# Beavis and Butt-Head Collection on DVD



## Jasonbp (Jun 17, 2002)

"Get your hands on 32 of the coolest episodes from your favorite Dillweeds! The History of Beavis & Butt-Head 2 Volume Collection. Buy it September 24th." 

"DVD Special Features: 
Retrospective Montages
Beavis & Butt-Head Promos
Thanksgiving Day Parade Special
VMA Appearance"

(Wil also be on VHS)

I am going to pick this up. Beavis & Butt-Head were cool. Now, if they would just put "Daria" out on DVD. And Ghostbusters!!


----------



## Richard King (Mar 25, 2002)

What a waste of perfectly good plastic. :lol:


----------



## spanishannouncetable (Apr 23, 2002)

Butt-head : Uh huh huh huh, you said "waste".

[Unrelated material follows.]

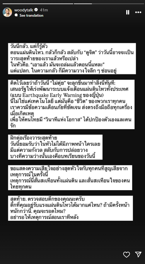 “วันนี้ยอมรับว่าในหัวไม่ได้มีภาพหน้าใครเลย มีแต่ความกังวล สลับกับการปล่อยวาง บางทีความว่างนั้นเองคือบทเรียนของวันนี้ ขอแสดงความเสียใจอย่างสุดหัวใจกับทุกคนที่สูญเสียจาก เหตุการณ์ในครั้งนี้ เหตุการณ์นี้สั่นสะเทือนทั้งแผ่นดิน และสั่นสะเทือนใจของคน ไทยทุกคน สุดท้ายตรวจสอบตึกของคุณนะครับตึกที่คุณอยู่รับแรงแผ่นดินไหวได้มากแค่ไหน? ถ้ามีครั้งหน้า หนักกว่านี้ คุณจะรอดไหม? อย่ารอให้เหตุการณ์สอนเราทีหลัง“

Beavis : Yeah, mm-hmm-HMM-mm, waste. POOP. Waste rules.

:lol:


----------



## Mike T (Jul 24, 2002)

So you are saying that this "Box Set" is from the MTV days? or is it something else? I know I have worn out my "Bevis & Butthead Do America" DVD.


----------



## spanishannouncetable (Apr 23, 2002)

> _Originally posted by Mike T _
> *So you are saying that this "Box Set" is from the MTV days? or is it something else? I know I have worn out my "Beavis & Butthead Do America" DVD. *


Yes, these are the MTV shorts. They have the rock video critique segments removed because of rights issues so the cartoons run about 5 minutes each.

AND CHECK THIS OUT ! Another collection of B&B, and it looks like a different set -

http://www.timelife.com/is-bin/INTE...bD19HjPIs92jG85u2skoBAy_gccd?ProductSKU=18710

"The History of Beavis & Butt-Head" 2 Volume Collection, available everywhere soon, has 2 DVDs w/32 shorts + extras, while this TimeLife set has 3 seperately packaged discs w/ 43 episodes.


----------



## Steve Mehs (Mar 21, 2002)

I miss those guys, I watched them for years until South Park came around


----------